Using an LLM as a judge is appealing because it is fast and cheap, but it requires care. The judge may share the same biases as the model under test, favour long answers or be sensitive to the order of the options. The healthy practice is to calibrate the judge against a human-scored set and use it for triage, not as the final verdict on critical decisions.

Hallucinations and faithfulness to the source

Hallucination — when the model states something false with confidence — is the risk that most undermines user trust. In systems with RAG, the key question is not just "is the answer correct?", but "is the answer supported by the retrieved documents?". An answer that is right by chance, without support in the sources, is a problem waiting to happen.

To measure this, you check whether each relevant claim in the answer is found in the provided context. This can be done with human review on samples and with automatic checks that compare the answer to the sources. When the rate of unsupported claims rises, the problem is usually in retrieval — wrong or insufficient documents — and not in the model.

Cost, latency and robustness: evaluating beyond quality

An excellent system that costs too much or takes too long never reaches production. Serious evaluation also measures the cost per answer (number of tokens and calls), the latency (time to first word and total time) and the robustness (what happens with badly written, very long or multilingual questions).

It is also worth testing stability: the same question asked several times should give consistent answers. Huge variation between runs is a sign that the system is fragile and hard to control. These measures are not technical details; they are what separates a prototype from a product.

Common mistakes when evaluating generative AI

A few patterns repeat across many teams. The first is evaluating only with easy examples and concluding that it always works. The second is trusting an automatic text metric as if it were absolute truth. The third is testing once, approving, and never measuring again — when a single model-version change can turn everything upside down.

There is also the mistake of mixing the evaluation set with the examples used to tune prompts: if the system studied for the test, the results deceive. And, finally, the mistake of looking only at the average and ignoring the worst cases — it is often one bad answer, at a sensitive moment, that destroys a customer's trust.
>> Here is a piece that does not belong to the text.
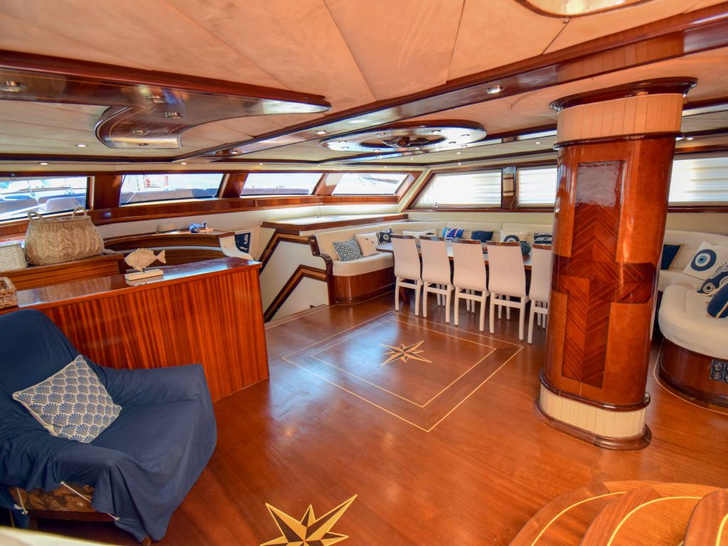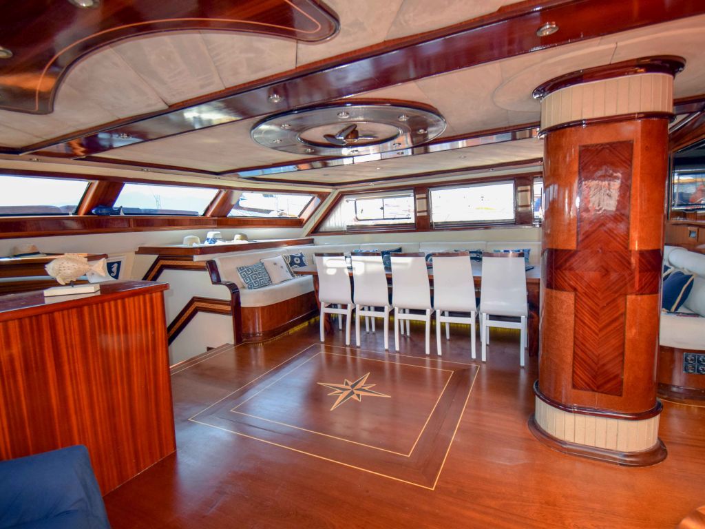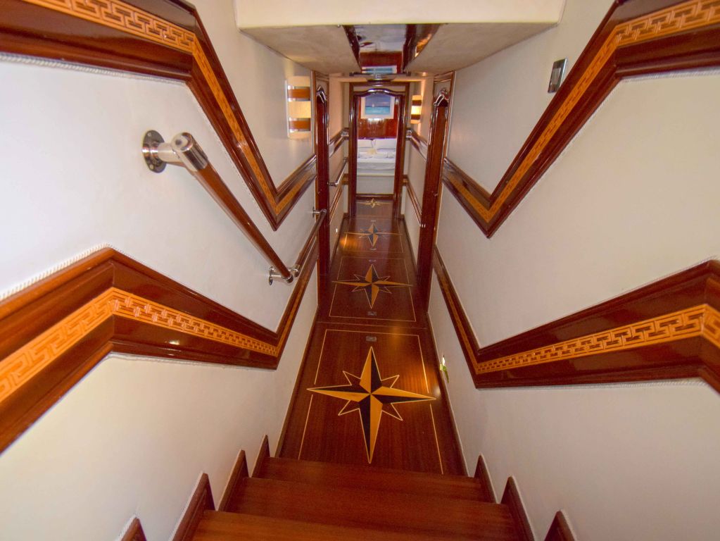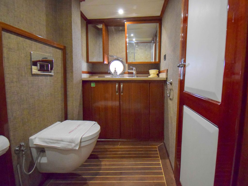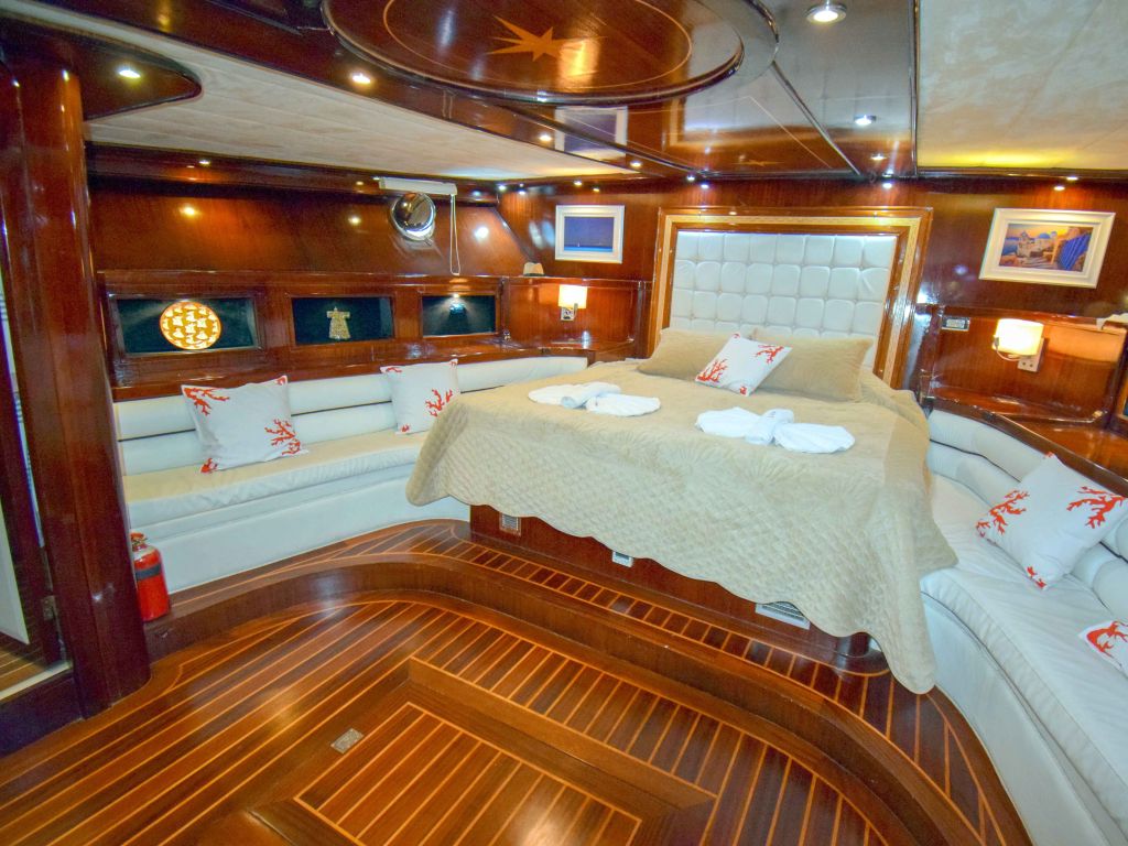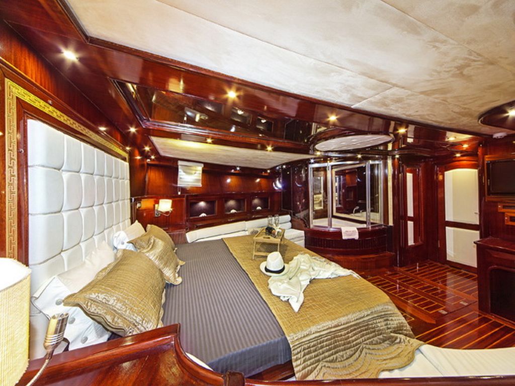 вместимость до 12 гостей; 2 мастер-каюты, 2 двухместные, 2 двухместные каюты, кондиционер, душевая кабина и туалеты домашнего типа во всех каютах, отдельные каюты экипажа. |
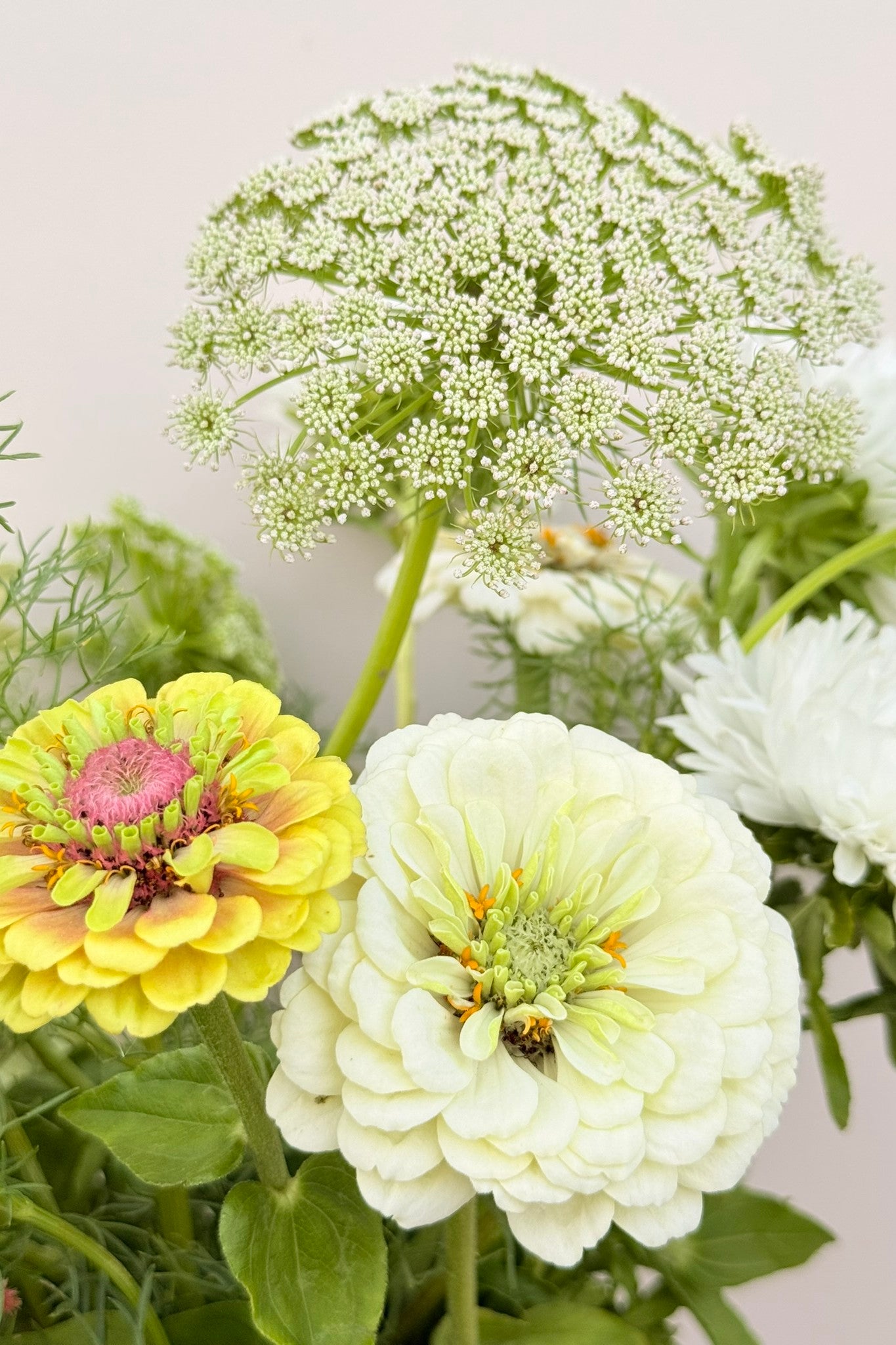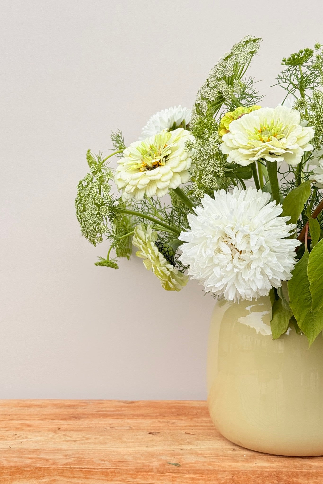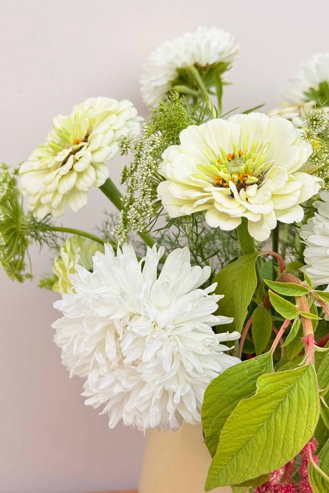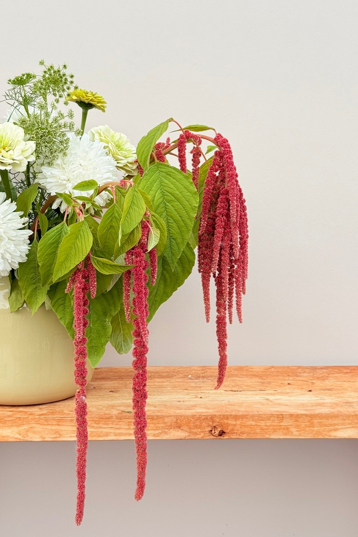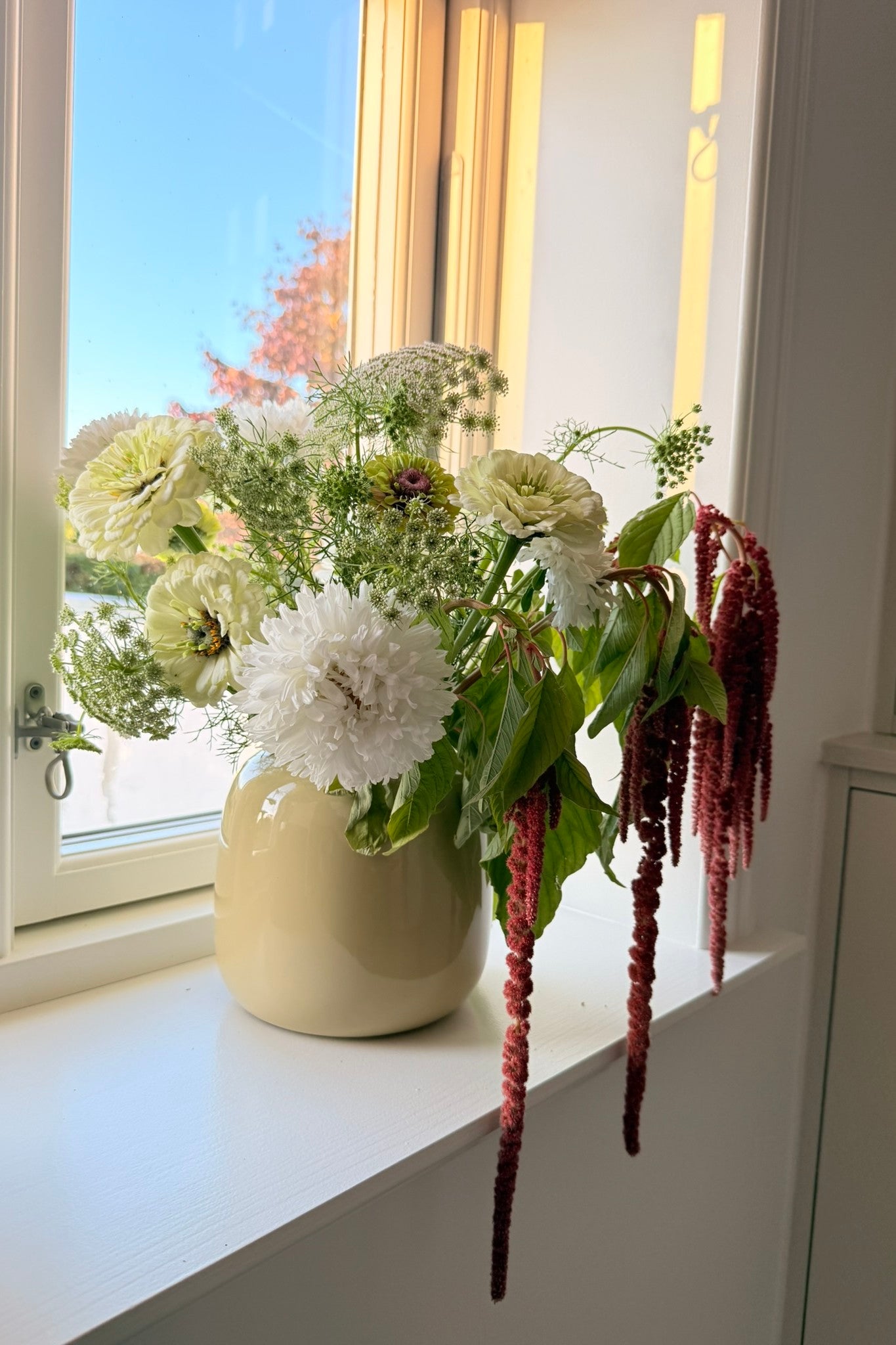 Whimsy Waterfall-buketten har et roligt og afdæmpet udtryk, hvor hvide og grønne nuancer danner helheden, og den smukke amarant får lov at træde i karakter. Sommerasters ’King Size White’ og frøkenhat ’Polar Bear’ giver store blomsterhoveder i hvidt, der danner den lyse base. Frøkenhat ’Queen Lime Blotch’ tilfører et limegrønt skær, som harmonerer med Tandstikkerurt ’Green Mist’, der lægger sig let og luftigt omkring de større blomster og skaber bevægelse. Amarant ’Coral Fountain’ fuldender buketten med sine hængende blomster i varme koraltoner, som giver en markant og elegant kontrast.

Mini case: an internal assistant at a services company

A financial services company built an assistant to answer employees' questions about internal policies, with RAG over its documents. In the demo, everything looked perfect. Before opening it to the whole company, the team prepared a set of 120 real questions, with reference answers approved by the compliance area.

The first evaluation was revealing: 82% of the answers were correct, but 15% contained claims not supported by the documents, and the average response time was nine seconds. On investigation, the team realised the problem was in retrieval, which was returning outdated documents. It improved the indexing and added an instruction for the system to refuse when it found no basis. In a second round, unsupported claims fell to 4% and latency to four seconds. Only then did it go ahead — and it kept the evaluation running weekly to catch regressions.

In practice

Evaluating a generative AI system is not a one-off exam, it is a habit. Start by defining what success means, build a representative set of cases, measure quality, faithfulness and safety together, and do not forget cost and latency. Use human evaluation where it matters and automate the rest so you can repeat the measurement at every change.

The reward is twofold: fewer unpleasant surprises in production and an objective basis for deciding. In generative AI, the difference between an impressive toy and a trustworthy product is not in the model — it is in the discipline with which we evaluate it.